Religious versus other freedoms: the future of Article 9?

McFarlane v Relate Avon Ltd [2010] EWCA Civ B1 (29 April 2010) – Read judgment or our previous post

Case comment

Lord Carey of Clifton, responding to Lord Justice Laws’ observations in MacFarlane, has called this latest dust-up about religion in the courts a “deeply unedifying clash of rights“. It is indeed a clash of rights, but unedifying it is not. It is precisely when these rights collide that some real, hard thinking is generated, not only about the precise content of these rights, but their historical purpose and their proper function in modern society.

It may be that when the architects of the Convention drafted Article 9, guaranteeing freedom of thought, conscience and religion, they did not foresee that its future role would not be so much the protection of oppressed believers against Soviet-style secularisation but instead a thorn in the flesh of public authority employers seeking enforce their legitimate objectives against non-compliant religious employees.

In his witness statement, Lord Carey referred to the decisions of the Court of Appeal concerning the wearing of crosses and declared that the type of reasoning in that adjudication was “dangerous to the social order”, representing “clear animus to Christian beliefs”.

Responding to that statement, Laws LJ made a number of (now well publicised) observations, which, though vigorously stated, are hardly controversial, upholding the need for a principled approach in the application of law. As we have commented before on this site, this is one more step in the process of de-privileging of religious beliefs in the hierarchy of interests under the Convention for which Kokkinakis v Greece (1994) 17 EHRR 397 remains an important and serviceable authority.

But, significantly, Laws LJ also said this:

The general law may of course protect a particular social or moral position which is espoused by Christianity, not because of its religious imprimatur, but on the footing that in reason its merits commend themselves.

This reflects something of a sea change in the judicial approach to the whole notion of “religious beliefs”. It was not very long ago that courts were enjoined to base their determination on whether a certain position or tenet was a matter of spiritual belief (so as to attract the protection of Article 9) by the degree of sincerity with which it was held: see, for example, R(on the application of Sarika Watkins-Singh) v Aberdare Girls High School Governers (Defendant) and Rhondda Cynon Taf Unitory Authority and our comment on it.

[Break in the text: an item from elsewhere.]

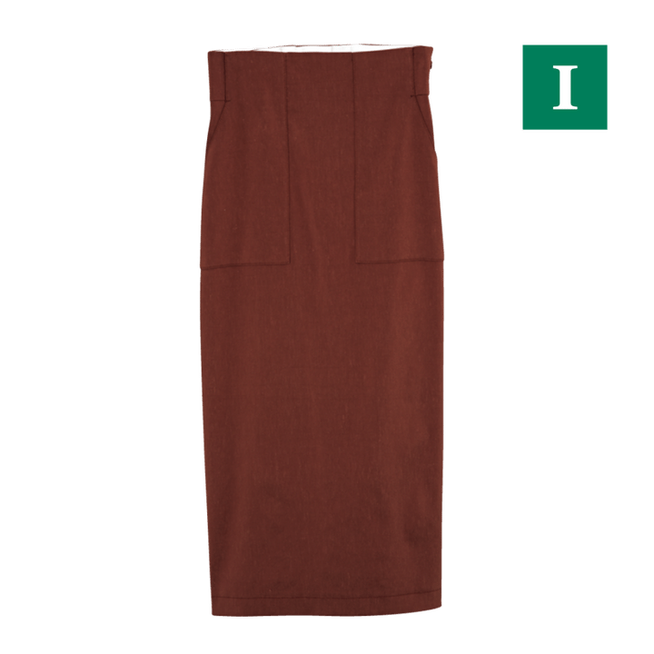 スタイルアップも叶えてくれるペンシルシルエットのスカートは、ストレッチ&バックスリット入りではきやすさも抜群。サラリとしたリネン混素材、テラコッタカラーが大人っぽい雰囲気。スカート¥19,800(ロペ)
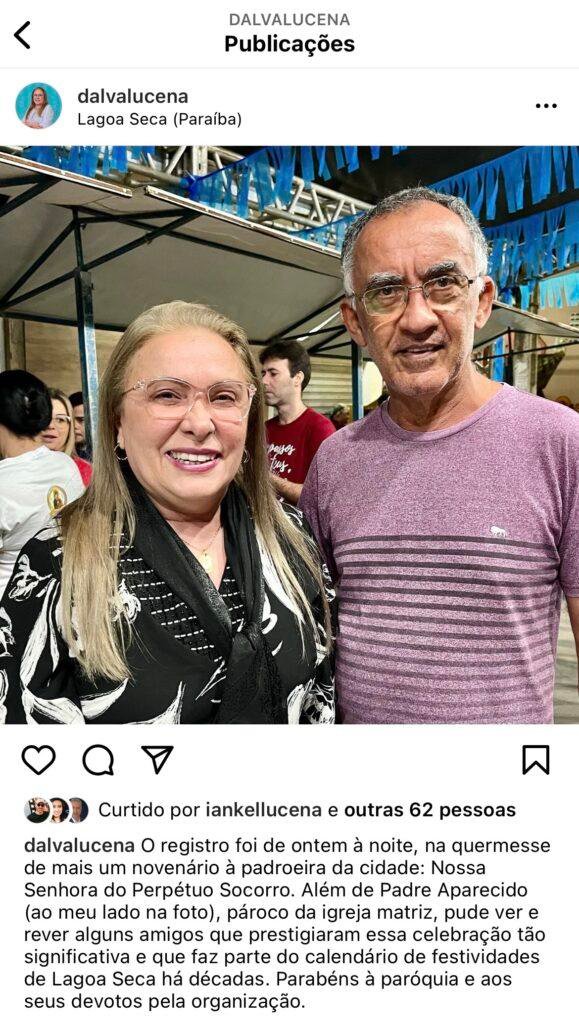 Nas redes sociais, a prefeita Dalva Lucena publicou uma foto ao lado do pároco da igreja católica, Aparecido Camargo. “Celebração tão significativa e que faz parte do calendário de festividades de Lagoa Seca há décadas”, disse a gestora.

Now it seems that claims to a supernatural backing for a course of behaviour will not be privileged by the courts, irrespective of the fervour with which the claimant cleaves to that belief. The focus is instead on the merits of the particular position adopted.

At what point will judges in a largely secular society go on taking these “merits” for granted? Or, to put the question another way, in a multicultural country where a kaleidoscopic range of beliefs and practices are accepted, for the sake of convenience and goodwill, as religions, will the meritorious content of each and every one of these be beyond argument?

Of course it is not possible to undertake a root and branch review of the European Convention, but we can at least ask what role, if any, is played by the specific protection for spiritual beliefs in modern life. In short, it is becoming increasingly clear that the right to respect for religious beliefs no longer responds to any pressing social conditions, in contemporary Europe at any rate. It may be that for all practical purposes this aspect of Article 9 will cease to function since public funding for Article 9-based arguments will tend to be withheld on grounds of inevitable failure in court.

Our habit of framing everything in terms of rights inevitably leads to confusion and “unedifying” collisions such as these, but if the outcome is to remove Article 9 as an obstacle to progressive goals and purposes, such collisions are only to be welcomed.